5) this method is easy to perform in routine practice and economical;

6) the gradation of the results obtained by the class of the tested drug allows a differentiated approach to the interpretation and conclusions about the sensitivity of microorganisms to antiseptics.

The method for determining the sensitivity of bacteria to antiseptic agents in solution is characterized by the possibility to study the properties of microorganisms to antiseptic preparations without applying a microbial suspension to the researcher's hands, while simulating temperature conditions close to the parameters of the human skin; the possibility of standardizing the parameters of the experiment; the ability to study any strains of microorganisms (standard test strains and hospital strains); the ability to interpret the result based on the modern regulatory framework.

Literature:

1. Methodological problems of determining the sensitivity of microorganisms to disinfectants and antiseptics / Kosyakova K.G. // Clinical and laboratory consultation. - 2014. - No. 1 (48). - S. 67-70.

2. GUIDE R 4.2.2643-10 Disinfectology. Methods for laboratory research and testing of disinfectants to assess their effectiveness and safety.

3. Determination of the sensitivity of microorganisms to disinfectants and antiseptics by diffusion into agar using discs. MP 1100/25-0-17. Comp. N.V. Zubchonok, E.S. Yasnaya [and others], approved. Ministry of Health of the Russian Federation dated 10.01.2000

4. Method for determining the sensitivity of microorganisms to antimicrobial substances. Tets V.V., Tets G.V. Patent for invention RU 2505813 C1, 01/27/2014. Application No. 2012147280/15 dated 11/06/2012.

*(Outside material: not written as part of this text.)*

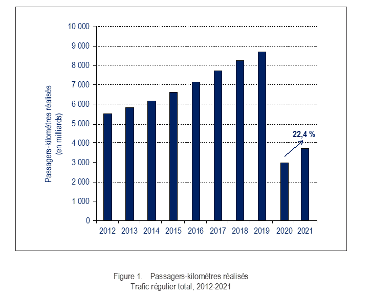 Selon des statistiques annuelles mondiales préliminaires compilées par l’OACI, le nombre total de passagers transportés sur des services réguliers en 2021 a augmenté pour s’établir à 2,3 milliards en 2021, ce qui représente une hausse de 28,1 % par rapport à l’exercice précédent. Le nombre de départs s’est établi à 24,2 millions en 2021, soit une hausse de 19,2 %. Des statistiques détaillées sur le transport aérien figurent à la page Présentation des résultats statistiques du transport aérien en 2021.

5. Method for determining the sensitivity of microorganisms to a disinfectant (versions). Shkarin V.V., Kovalishena O.V., Blagonravova A.S., Ermolyeva S.A., Vorobieva O.N., Alekseeva I.G., Usacheva S.Yu. Patent for invention RU 2378363 C1, 01/10/2010. Application No. 2008123115/13 dated 06/10/2008.

6. Gaifutdinov R.T., Ismagilov M.F., Khasanova D.R. Physiological mechanisms of thermoregulation, their disorders in cerebral autonomic dysregulation // Neurology Bulletin. - 1999. - Vol. XXXI. - N. 1-4. - P. 63-76. doi: 10.17816/nb80949.

7. MU 3.5.1.3674-20. 3.5.1. Disinfectology. Disinfection of the hands of medical workers and the skin of patients in the provision of medical care. Guidelines (approved by the Chief State Sanitary Doctor of the Russian Federation on December 14, 2020).

Claims (1)

A method for determining the sensitivity of bacteria to antiseptic agents in a solution, including preparing a suspension of a culture of a microorganism isolated and identified from a clinical material of a patient or from the environment, according to a turbidity standard of 0.5 McFarland units, by the method of successive tenfold dilutions with a sterile isotonic sodium chloride solution, bringing the microbial suspension to dilutions 1.5×10 ⁵ ; mixing in a test tube 0.1 ml of this suspension with 0.9 ml of a disinfectant and exposing the resulting mixture, then adding 0.5 ml of a neutralizer, taking 0.1 ml of the resulting mixture and seeding on a solid nutrient medium, characterized in that the test tube with 0 1 ml of microbial suspension is placed in a thermostatic water bath at a temperature of 32 ° C, then 0.9 ml of an antiseptic agent is added to the test tube with a suspension, mixed for several seconds, the test tube with the mixture is left in a thermostatic water bath at a temperature of 32 ° C for the time indicated by the manufacturer of the drug in the instructions, as the time of rubbing the antiseptic into the skin of the hands of medical personnel, the patient's skin until completely dry; according to the number of colonies grown on a solid nutrient medium, for class A antiseptics used to treat the skin of the patient's surgical field, and class B in the case of growth of 1 or more colonies, a conclusion is made about the resistance of the microorganism culture under study to the tested antiseptic; in the absence of bacterial growth - about the sensitivity of the microorganism to the antiseptic; for antiseptics of class A used to treat the skin of the patient's injection field, and class B in the case of growth of 51 or more colonies, a conclusion is made about the resistance of the studied culture of the microorganism to the tested antiseptic, with the growth of 50 or less colonies - about the sensitivity of the microorganism to the antiseptic.